Last week saw the third budget for Queensland Treasurer the Hon Tim Nicholls, MP.
You can see the Treasurer's presentation at the QCOSS Budget Breakfast on StudioQ.
It’s clear that we are experiencing tough times especially if you care about the state of Queensland’s debt level. The over-riding theme of the budget has been that we are living with an $80 billion state debt which costs $4 billion per year in interest payments. So, cut the debt and free up money to pay for better services into the future. It sounds simple but of course it is far more complicated than that.
Firstly, we need to consider our present needs, balanced against our future expectations. Do we spend on services now where demand is high but there is a short shelf life of benefit to the state? Do we build infrastructure so that coming generations can benefit and any gains can project into the future? Do we raise more money by increasing taxes and levies or do we reduce spending by cutting costs and targeting programs? In all budget processes (except in excessive money splashes in good times), there are winners and losers or at the very least those who are disappointed.
Positive outcomes may flow from services which support families and their clients because of new funding and a real maintenance of the commitment to reform the child protection system in this state. Police, ambulance services, emergency services and schools all receive mention and investment to enhance their performance and effectiveness. Infrastructure spending will support improvements in roads, public transport, hospitals and schools. Rural and farming communities in Queensland will benefit from drought relief funding which remains in place and pensioners and concession card holders had a win with the state government changing its plans and agreeing to cover the shortfall left by the federal budget measures.

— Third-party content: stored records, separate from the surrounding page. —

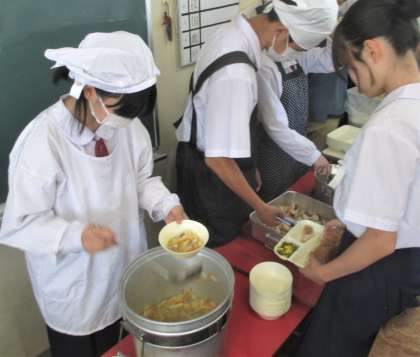 給食の配膳風景です。
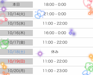 本日出勤 16:00〜翌00:00
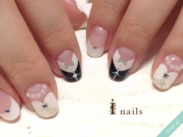 半透明のホワイトは、透け感があって涼しげ。さりげなく水色が入っているのも爽やかです。シェルパーツを使うと、より夏らしいネイルになります。
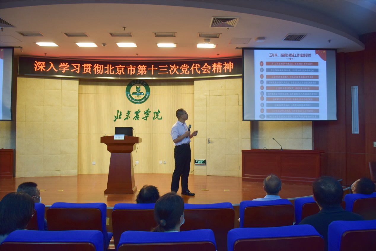 张德强介绍了党代会基本概况,结合蔡奇书记在党代会上所作的报告回顾了北京市过去五年的奋斗历程和经验启示,分析了新征程上首都工作今后五年的奋斗目标和重点任务,并与全体教职工畅谈如何建设高质量高水平大学。要求党员干部要深入理解报告中提到的首都发展的辩证法、方法论,在人才培养、团队建设、科学研究和社会服务几个方面要始终紧紧围绕“四个中心”建设来展开,不断增强政治自觉、思想自觉和行动自觉。
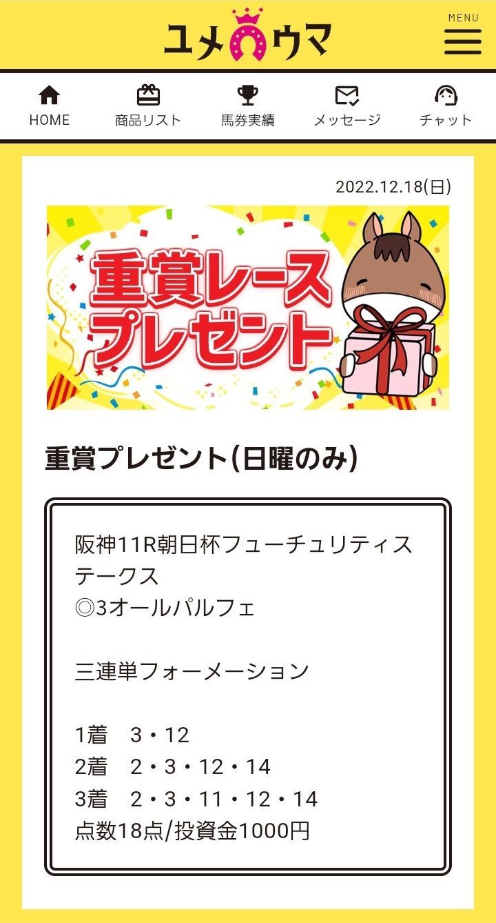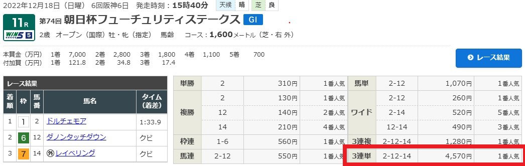 【ユメウマ】の朝日杯の予想でなくて【ユメカナウ】の無料予想2つ買ってれば107,300円になっていましたね(笑)
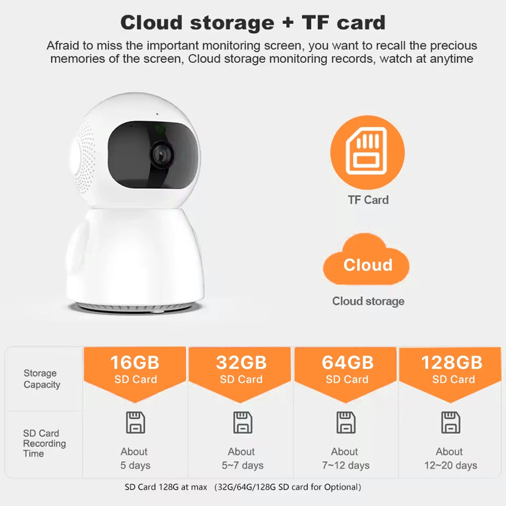 - Bis zu 128 GB SD-Karte deckt den täglichen Bedarf (Cloud-Speicher ist kostenpflichtig)
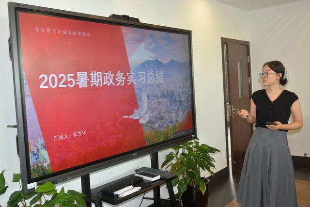 学生骨干培养计划成员代表陈倩、蔡蓥奥、杨雨绮、宋楚莹、朱雪华、巩成林、王欣雨、高畅、徐彧、许楚宜同学汇报暑期社会实践成果。他们奔赴祖国各地,在政务实践、支教推普、红色研学、志愿服务中挥洒汗水,展现600cc全讯白菜网学子的风采。
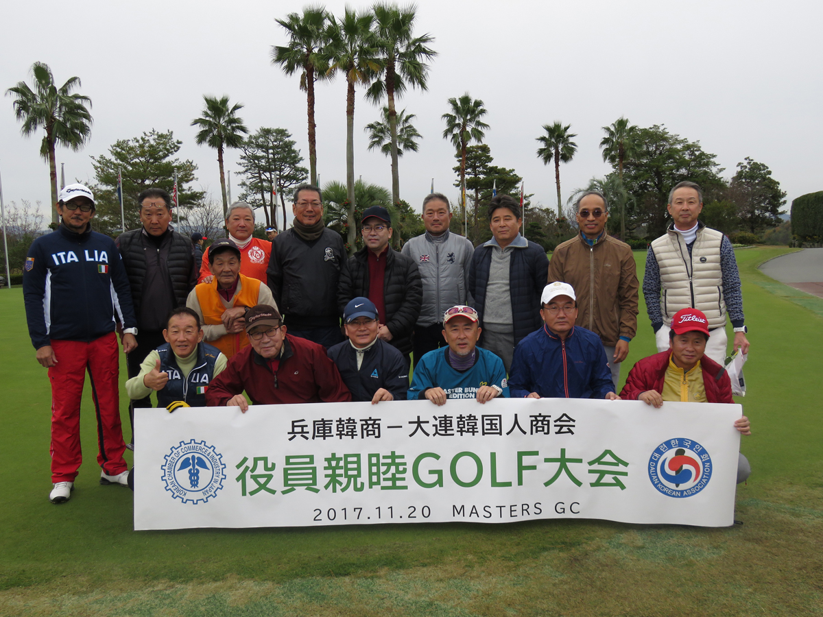 【役員親睦ゴルフコンペ】 前列左から宋玉植名誉会長、崔龍洙大連名誉 会長、朴シノン同会長、辛輝浩会長、文ソンミ ン大連諮問委員長、朴鍾薰同名誉諮問委員、 後列左から金光治副会長、大西康博副会長、 韓勝敏副会長、鄭昌鎬大連直前会長、李剛士副 会長、柳鍾輝大連主席副会長、黄成淵同諮問 委員、趙珉一副会長
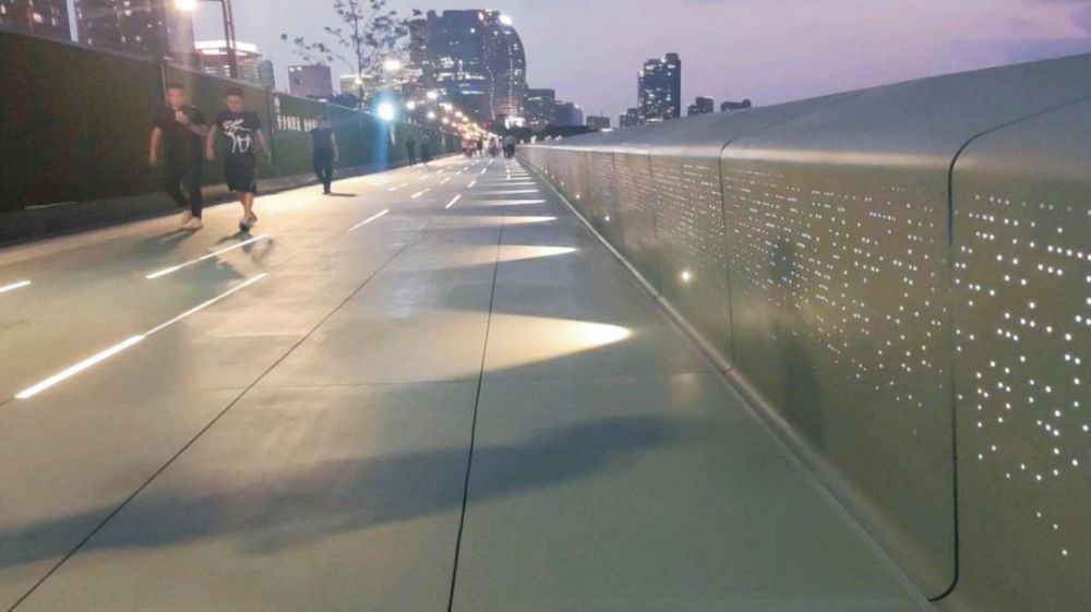 @陕西巨匠文化建材科技有限公司在不增加海塘高度的情况下,通过艺术化处理大面积悬挑的混凝土平台实现了防洪功能的提升。而其中的消浪平台的拦挡使用了预制蓝色透光混凝土护栏板,通过特殊的材质与透光效果,增强了护栏板与路面的整体感,同时提升了夜间的美观性,成为滨江沿线的标志性景观。这些设计细节,使得混凝土从传统建筑材料转变为艺术表达的载体。
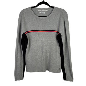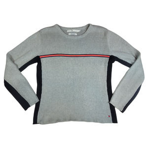 Vintage Tommy Hilfiger Gray Colorblock Ribbed Sweater Large Pink Stripe Pullover
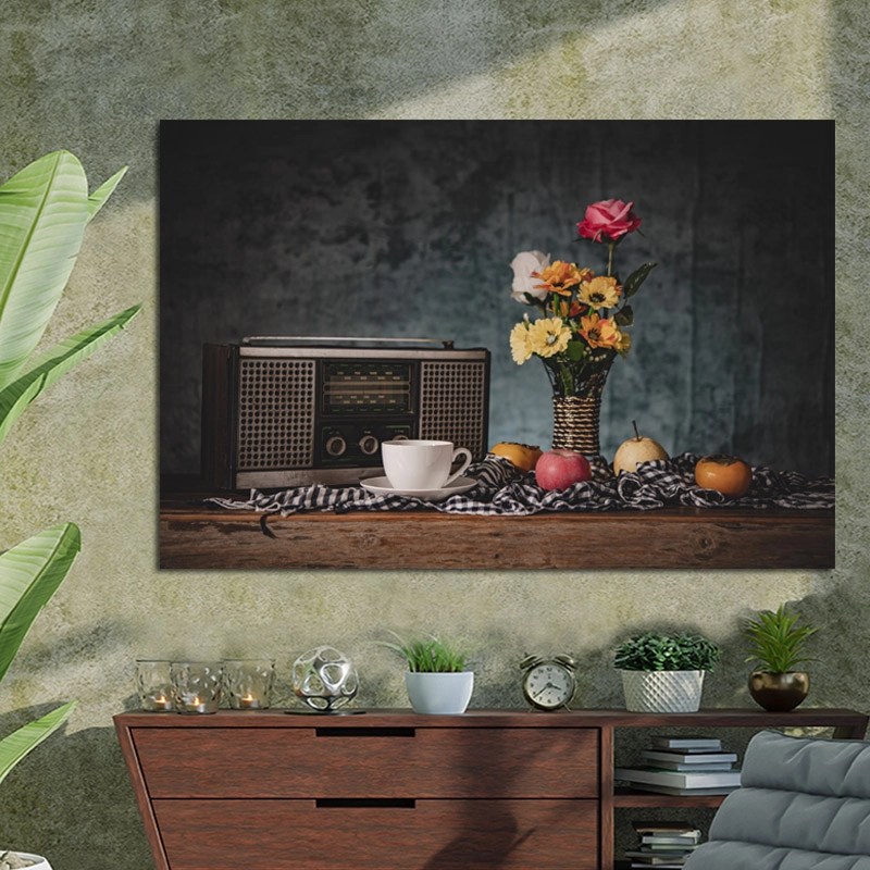 Πίνακας σε καμβά Λουλούδια και ραδιόφωνο
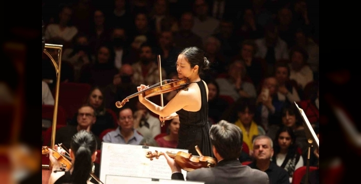 İzmir Büyükşehir Belediyesi Ahmed Adnan Saygun Sanat Merkezi'nde (AASSM) düzenlenen konserde, İzmir Devlet Senfoni Orkestrası (İZDSO) şef Christoph-Mathias Mueller ve keman virtüözü Bomsori Kim'i bir araya getirdi. İzmirliler, bu iki büyük yeteneğin performansını izleme fırsatı buldu.
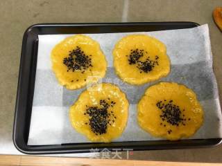 将小剂子搓圆压扁,面上撒熟芝麻。再刷一层蛋液!
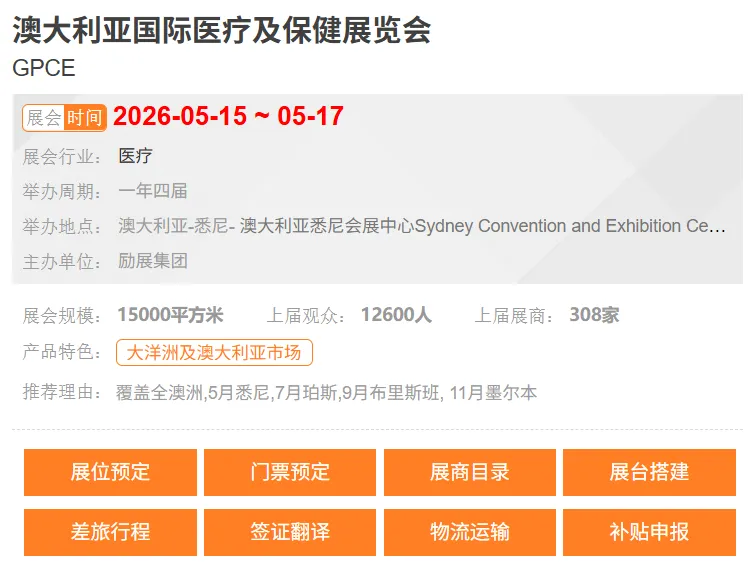 [展位预定、门票预定、展商目录、展台搭建、差旅行程、签证、翻译、物流运输、补贴申报]
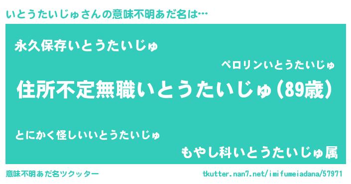 | 男性向けラノベタイトル風あだ名 | 『この素晴らしい世界にいとうたいじゅを!』 |
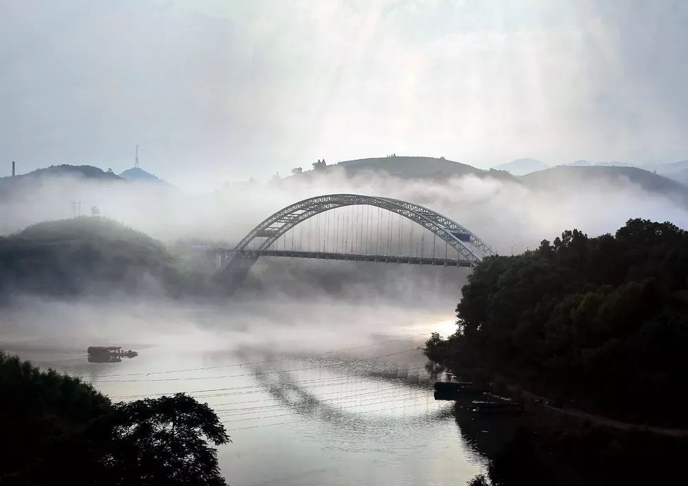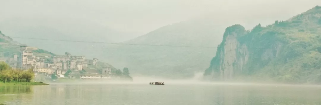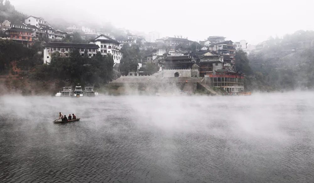 拂晓,酉水雾漫,蝉纱般的晨雾袅袅娜娜,在两岸崖壁峡谷间飘拂,如幻如梦的仙雾中,远处一叶轻舟出没烟波里,摇橹渔夫蓑衣斗笠,有着古诗里的深邃意境。
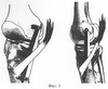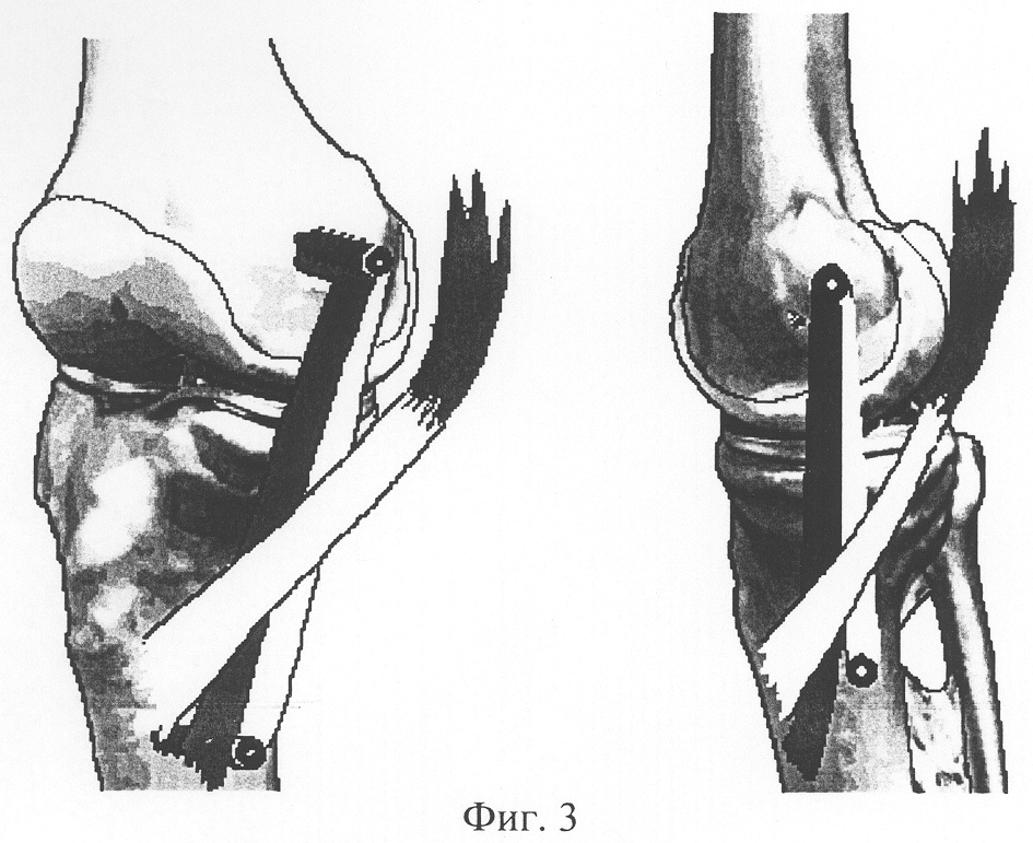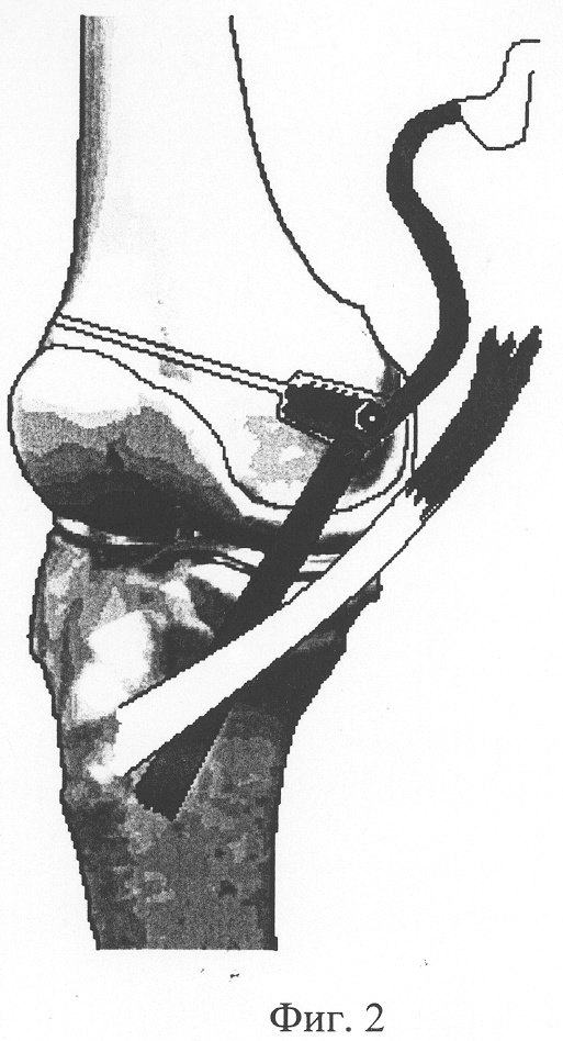 На фиг.1 изображены проекции кожных разрезов в медиальной области коленного сустава; на фиг.2 – проведение трансплантата; на фиг.3 – окончательный вид после пластики.

The government prides itself on red tape reduction and money has been factored into the budget to advance this process and to spend the proceeds, together with a 3.25 per cent indexation for grant recipients to help off-set some of the price rises ahead.
It is clear that vulnerable Queenslanders will be worse off as they experience proportionally greater price hikes from increased charges and fees for utilities. Additionally there has been no commitment from the government for an overall concessions review to ensure the people who most need support are getting it. It is unclear where else there may be disappointments with very little detail provided in the budget papers to make an informed analysis.
We need more details and we need the opportunity to work hand in hand with government to steer reforms forward.